DIRECTIONS: Look below for the line with "화보는 다가오는 봄의" and the line with "This is the". Copy exactly those two lines and every line between, but not the pictures.

ENTRIES PROVIDED section start

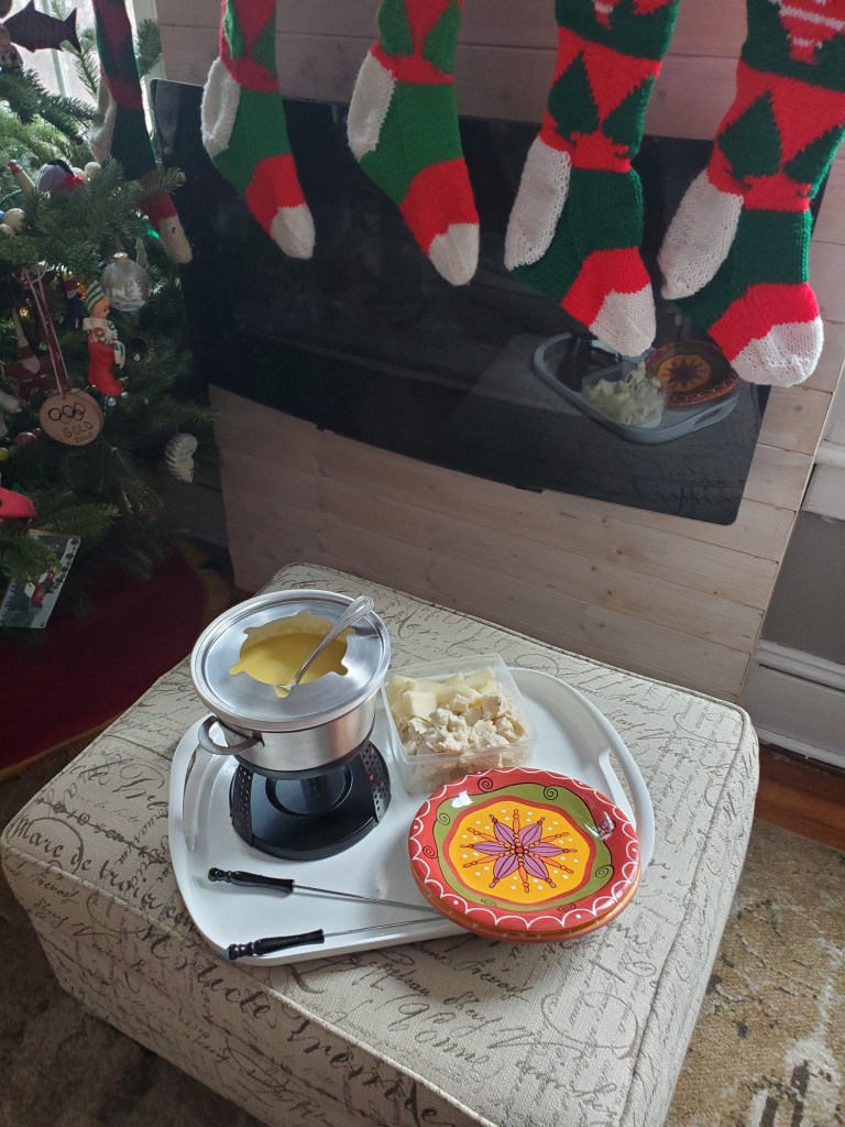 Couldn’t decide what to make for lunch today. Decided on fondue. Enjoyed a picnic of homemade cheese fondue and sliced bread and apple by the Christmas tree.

ENTRIES PROVIDED section end
ENTRIES PROVIDED section start

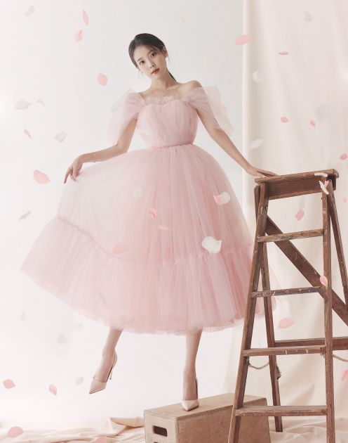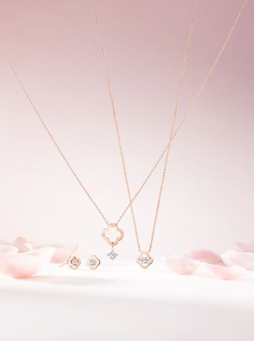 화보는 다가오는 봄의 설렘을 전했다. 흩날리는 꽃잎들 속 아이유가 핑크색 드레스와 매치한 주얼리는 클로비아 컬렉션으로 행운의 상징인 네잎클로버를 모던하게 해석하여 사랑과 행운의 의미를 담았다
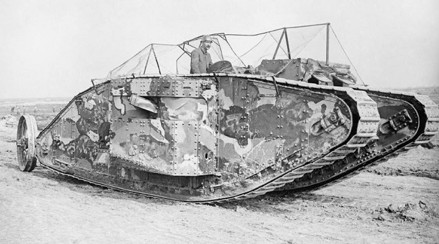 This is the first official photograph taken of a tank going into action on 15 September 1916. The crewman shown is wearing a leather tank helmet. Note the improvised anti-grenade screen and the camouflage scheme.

ENTRIES PROVIDED section end
ENTRIES PROVIDED section start

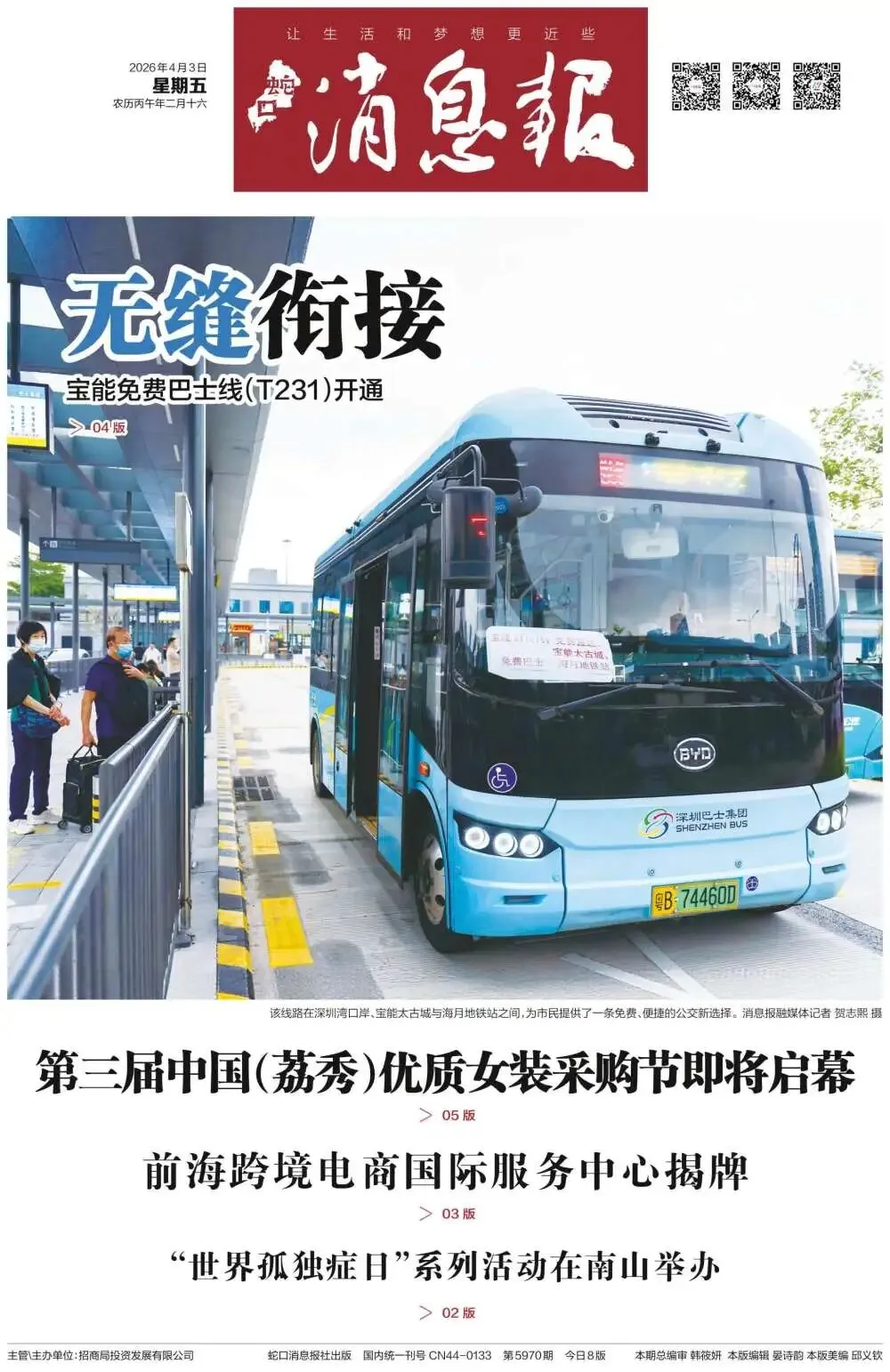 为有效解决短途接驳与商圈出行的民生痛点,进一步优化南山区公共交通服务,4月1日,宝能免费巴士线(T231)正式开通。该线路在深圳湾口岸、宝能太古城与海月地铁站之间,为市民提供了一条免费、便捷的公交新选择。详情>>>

ENTRIES PROVIDED section end

RESPONSE AREA:
 화보는 다가오는 봄의 설렘을 전했다. 흩날리는 꽃잎들 속 아이유가 핑크색 드레스와 매치한 주얼리는 클로비아 컬렉션으로 행운의 상징인 네잎클로버를 모던하게 해석하여 사랑과 행운의 의미를 담았다
 This is the first official photograph taken of a tank going into action on 15 September 1916. The crewman shown is wearing a leather tank helmet. Note the improvised anti-grenade screen and the camouflage scheme.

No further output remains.